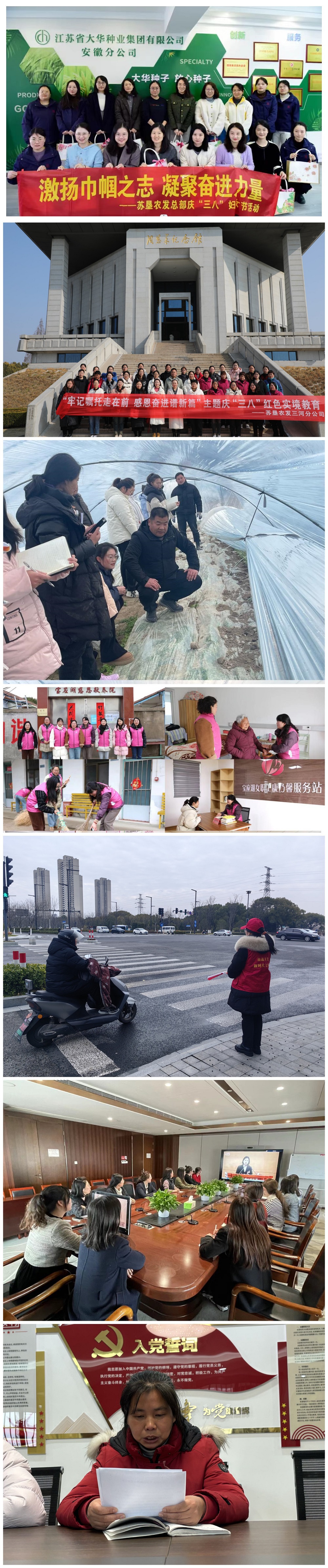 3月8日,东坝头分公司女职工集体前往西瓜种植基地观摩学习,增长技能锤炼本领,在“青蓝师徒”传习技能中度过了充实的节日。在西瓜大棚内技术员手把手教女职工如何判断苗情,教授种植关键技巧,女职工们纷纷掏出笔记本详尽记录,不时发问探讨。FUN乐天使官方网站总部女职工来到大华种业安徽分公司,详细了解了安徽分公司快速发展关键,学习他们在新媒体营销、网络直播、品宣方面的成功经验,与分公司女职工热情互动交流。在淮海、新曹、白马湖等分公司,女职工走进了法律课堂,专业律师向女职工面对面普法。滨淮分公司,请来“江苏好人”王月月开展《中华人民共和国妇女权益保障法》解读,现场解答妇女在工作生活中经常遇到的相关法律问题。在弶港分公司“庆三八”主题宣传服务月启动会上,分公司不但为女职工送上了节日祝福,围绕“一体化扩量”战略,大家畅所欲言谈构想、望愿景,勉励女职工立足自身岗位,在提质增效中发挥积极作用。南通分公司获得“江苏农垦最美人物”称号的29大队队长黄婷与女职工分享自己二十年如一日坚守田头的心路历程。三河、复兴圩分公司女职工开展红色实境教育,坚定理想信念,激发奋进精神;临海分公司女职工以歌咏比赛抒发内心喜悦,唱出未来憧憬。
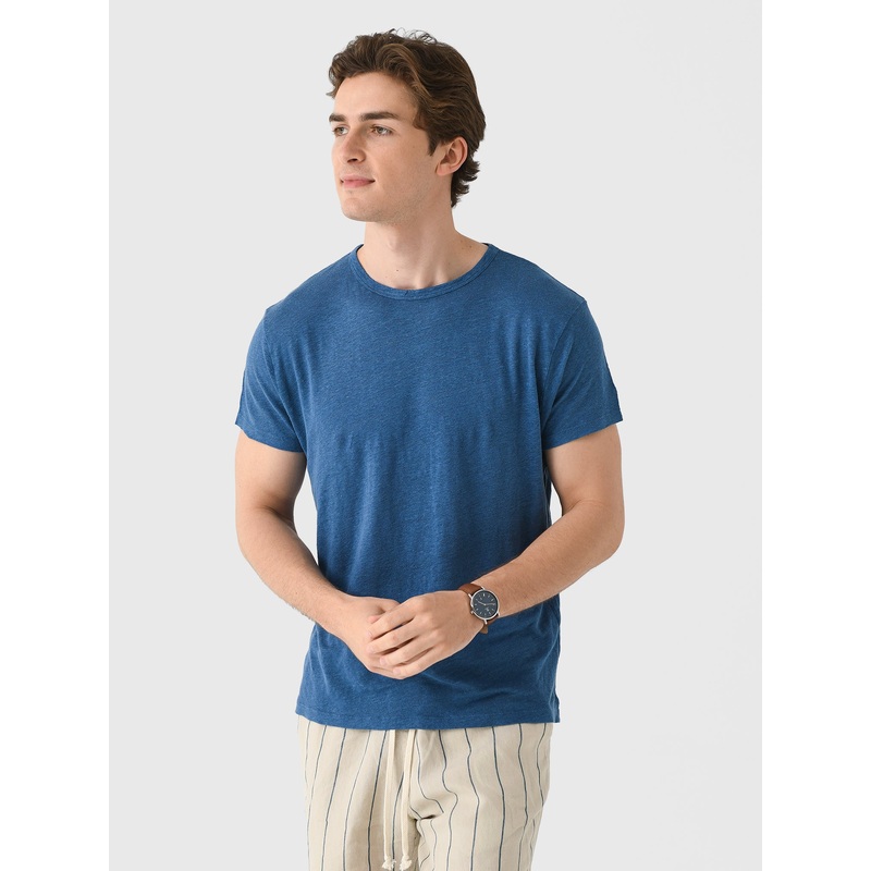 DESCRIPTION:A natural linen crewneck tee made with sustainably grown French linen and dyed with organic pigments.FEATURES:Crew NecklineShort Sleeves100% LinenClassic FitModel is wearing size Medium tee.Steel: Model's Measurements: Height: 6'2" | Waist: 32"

==

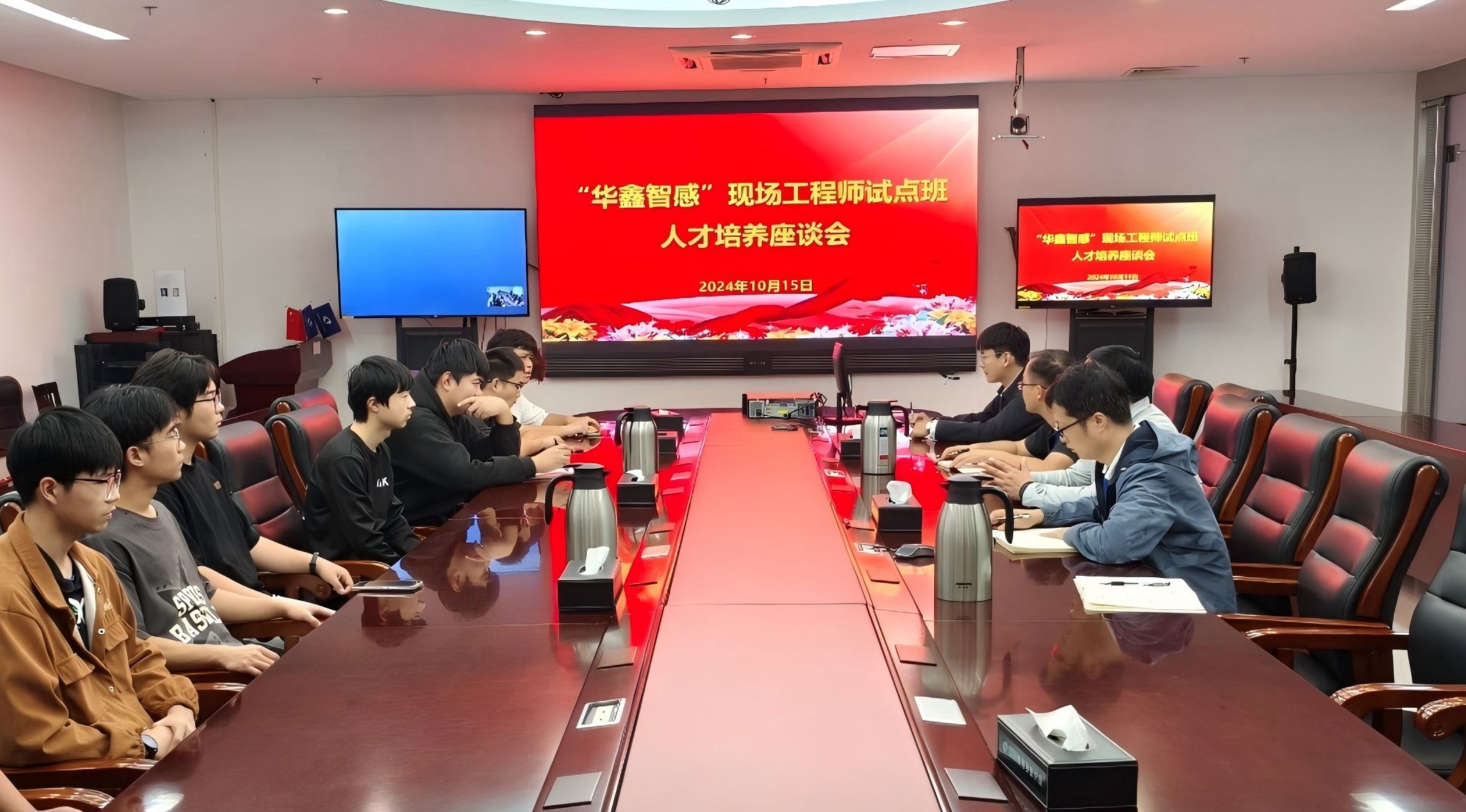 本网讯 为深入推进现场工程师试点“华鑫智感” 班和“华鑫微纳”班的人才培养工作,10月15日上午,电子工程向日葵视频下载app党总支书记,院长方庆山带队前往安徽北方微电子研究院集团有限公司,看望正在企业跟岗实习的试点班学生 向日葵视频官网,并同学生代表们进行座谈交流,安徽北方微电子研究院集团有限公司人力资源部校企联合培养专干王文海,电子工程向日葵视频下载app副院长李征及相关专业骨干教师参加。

What is needed: Leaving out the pictures, please output the lines in the entries above from the one with "3月8日,东坝头分公司女职工" through the one with "DESCRIPTION:A natural linen", exactly as they are.

Response for this exercise:
 3月8日,东坝头分公司女职工集体前往西瓜种植基地观摩学习,增长技能锤炼本领,在“青蓝师徒”传习技能中度过了充实的节日。在西瓜大棚内技术员手把手教女职工如何判断苗情,教授种植关键技巧,女职工们纷纷掏出笔记本详尽记录,不时发问探讨。FUN乐天使官方网站总部女职工来到大华种业安徽分公司,详细了解了安徽分公司快速发展关键,学习他们在新媒体营销、网络直播、品宣方面的成功经验,与分公司女职工热情互动交流。在淮海、新曹、白马湖等分公司,女职工走进了法律课堂,专业律师向女职工面对面普法。滨淮分公司,请来“江苏好人”王月月开展《中华人民共和国妇女权益保障法》解读,现场解答妇女在工作生活中经常遇到的相关法律问题。在弶港分公司“庆三八”主题宣传服务月启动会上,分公司不但为女职工送上了节日祝福,围绕“一体化扩量”战略,大家畅所欲言谈构想、望愿景,勉励女职工立足自身岗位,在提质增效中发挥积极作用。南通分公司获得“江苏农垦最美人物”称号的29大队队长黄婷与女职工分享自己二十年如一日坚守田头的心路历程。三河、复兴圩分公司女职工开展红色实境教育,坚定理想信念,激发奋进精神;临海分公司女职工以歌咏比赛抒发内心喜悦,唱出未来憧憬。
 DESCRIPTION:A natural linen crewneck tee made with sustainably grown French linen and dyed with organic pigments.FEATURES:Crew NecklineShort Sleeves100% LinenClassic FitModel is wearing size Medium tee.Steel: Model's Measurements: Height: 6'2" | Waist: 32"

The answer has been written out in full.